Stock selection within the Financials sector was also a large positive contributor. Dutch insurance and investment management company NN Group N.V. was the strongest contributor within the sector. NN Group N.V. continued to report stronger-than-expected profitability driven through synergies captured from its Delta Lloyd acquisition and ongoing cost savings initiatives.

The fund’s Consumer Staples holdings also generated positive performance. Outperformance was evenly distributed between the fund’s holdings in retailers and food ingredient companies. X5 Retail Group N.V. in Russia and Japanese drug store chains Matsumotokiyoshi Holdings Co., Ltd. and Kusuri no Aoki Holdings Co., Ltd. were the top-performing retailers while Kerry Group PLC drove performance in food ingredients.

Advanced Accelerator Applications SA (AAAP) and Lonza Group AG were the top contributors in Health Care. AAAP’s shares gained during the quarter on take-out speculation, while Lonza Group continued to report results that exceeded analyst’s expectations.

Click the Portfolio Characteristics tab for the fund’s top 10 holdings.

Performance Detractors

The largest detractor to the fund’s performance for the quarter was Korea Aerospace Industries, Ltd. Despite heightened geopolitical tensions in the region, the stock underperformed as the administration of new South Korean President Moon Jae In has scrutinized the company’s billing practices. A new management team is now in place and we believe they’ll be able to restore the trust of the market.  

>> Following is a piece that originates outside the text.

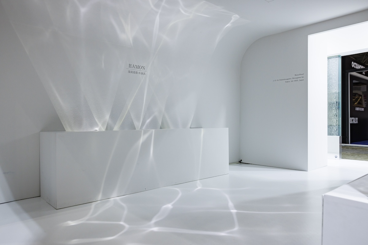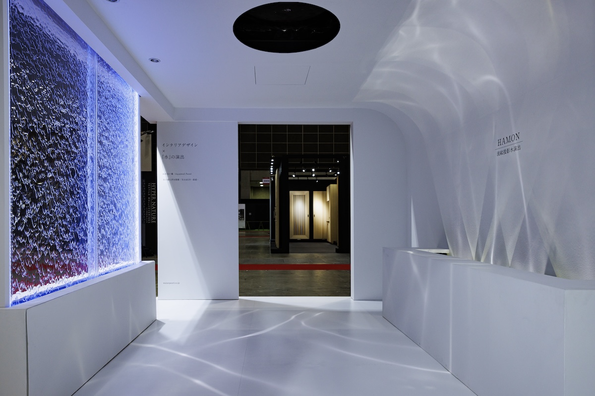 ブース内には波紋を投影して水を感じられる商品「HAMON」を展示、体感できるようにしました。

Intertrust NV, a provider of fund and corporate services, was the second largest detractor for the quarter as the CEO will be stepping down next year. This, combined with a profit warning, has caused some uncertainty around the name. 

Looking Ahead

We remain constructive on the international equity markets. After five years of austerity in the eurozone, we are seeing real economic growth and growing demand.  The eurozone’s banking crisis is in the rear view mirror allowing the banks to free up capital to further stimulate the economy.  In terms of potential headwinds, we continue to watch the European Central Bank which will likely start tapering early in 2018. Stronger growth and increased expectations for a taper has led to a rally in the euro which could eventually act as a drag to the export-dependent countries in the eurozone.

With the yen remaining weak relative to the U.S. dollar, the Japanese equity market remains attractive. In addition, the structural reforms initiated by the Abe government are producing positive results.  We are seeing continued job growth and a slight uptick in wages, causing growing consumer demand.  Overall, the international equity markets look attractive and we are finding new opportunities to consider. The initial public offering pipeline remains active and has been another source of opportunity for the fund.